This service was written for use by the Greymass team to manage network resources on our service accounts.

We have open sourced it as a means to illustrate how a service can be written to manage network resources. Anyone is free to use this code to do the same - but we take no responsibility for the on-chain effects it may have on your accounts.

Use at your own risk.

Concepts

This system uses a primary account to manage multiple secondary accounts.

The primary account is an account which:

  • Has a dedicated permission to perform the required actions on-chain and a key for that permission loaded into this service.
  • Has sufficient RAM available to perform these actions. Each PowerUp or REX rental you perform will temporarily be stored for the duration of the rental.
  • Has a sufficient system token balance to pay for these rentals.

Each secondary account has a set of rules which the primary will follow in order to ensure the secondary accounts remain functional.

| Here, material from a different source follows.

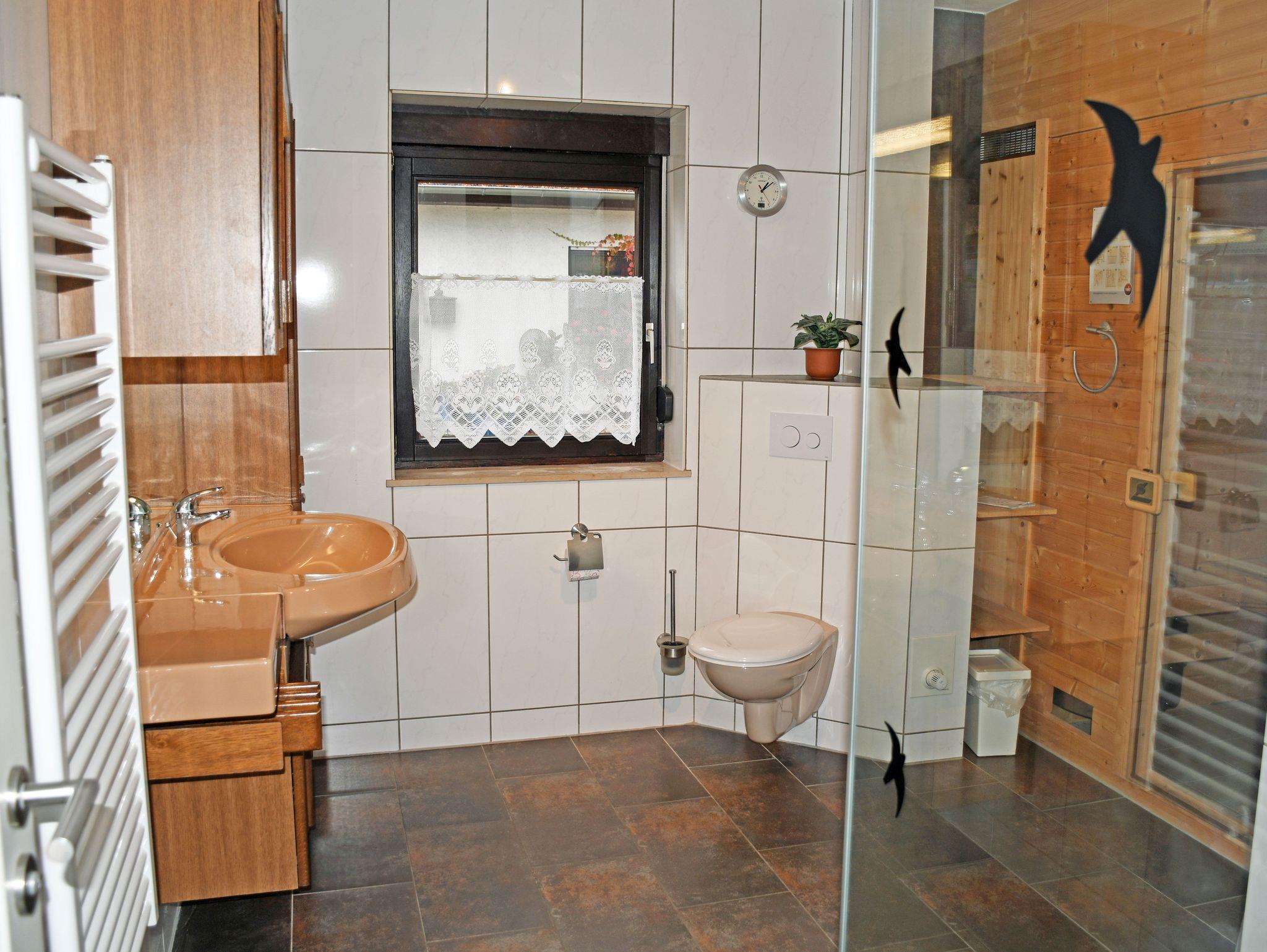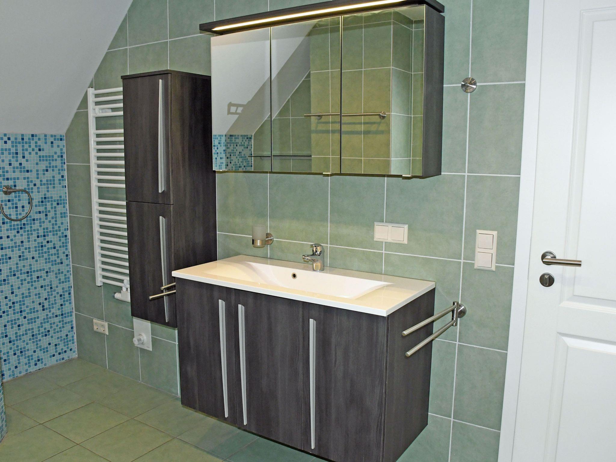 Ebenfalls im Erdgeschoss befindet sich ein modernes Badezimmer mit WC und ebenerdiger Dusche sowie Tageslicht. Die finnische Sauna lädt nach einem Strandspaziergang ebenfalls zur Entspannung ein.

As an example, we use the rentals.gm account loaded into this service as the primary account, which then is used to manage CPU/NET for itself (rentals.gm), the teamgreymass, and greymassfuel accounts.

Operating Modes

This system can be configured to use either the PowerUp or REX systems on an EOSIO chain.

Permissions

The permissions vary depending on which mode of operation you use.

If you are using the PowerUp mode of operation, you will need to create a permission with the following permissions:

  • eosio:powerup (pay to rent CPU and NET)

If you are using the REX mode of operation, you will need to create a permission with the following permissions:

  • eosio:deposit (deposits into REX)
  • eosio:rentcpu (uses deposited REX to rent CPU)
  • eosio:rentnet (uses deposited NET to rent CPU)

You can see an on-chain example of this on the rentals.gm account for EOS.

Configuration

The config folder contains all of the configuration values. The default.toml specifies all of the default account values, which you can override by simply copying the default.toml file to local.toml. The local.toml file is ignored by vcs and overrides the default.toml settings allowing you to easily configure the services to manage your accounts.

The configuration themselves are well documented, but the only required things you will need to setup are:

  • The account, permission and keys of the primary account.
  • The API node you wish to use to send/receive data.
  • The mode of operations, which defaults to the PowerUp system (EOS).
  • An [[accounts]] configuration block for each secondary account to manage, along with their individual config.

Configuring self-management

One thing we would recommend is you define your primary account also as a secondary account. The primary account is going to be using its own CPU/NET/RAM to perform actions on behalf of the secondary accounts. By defining the primary account also as a secondary account, the system will monitor the resources of the primary account to ensure it doesn't run out of resources while attempting to manage the resources of the other secondary accounts.

You can see an example of this in the default.toml file, where rentals.gm is defined as the primary account but also defined down in the secondary accounts with its own minimum/maximum resource levels.

Running to test configuration

Once configured, you can test everything locally (provided nodejs is available) by running:

make dev

This will load the live configuration and run the service. Any secondary accounts defined will be processed and transactions issued to manage their accounts.

Note: If you are concerned about this script using your system tokens to pay for resources, we would recommend using a testnet to first learn how this application works.

If you'd like additional information about the processes in the background happening, edit your local.toml and change level = 'info' to level = 'debug' at the bottom. Restart the application and the service will output more verbose logs.

Running in production

This service comes with both a Dockerfile and a docker-compose.yaml configuration. You can use these how you see fit, or build the nodejs service and run it in any other manner you'd prefer.

We operate this script by simply cloning, modifying the configuration, and then running docker-compose build && docker-compose up -d.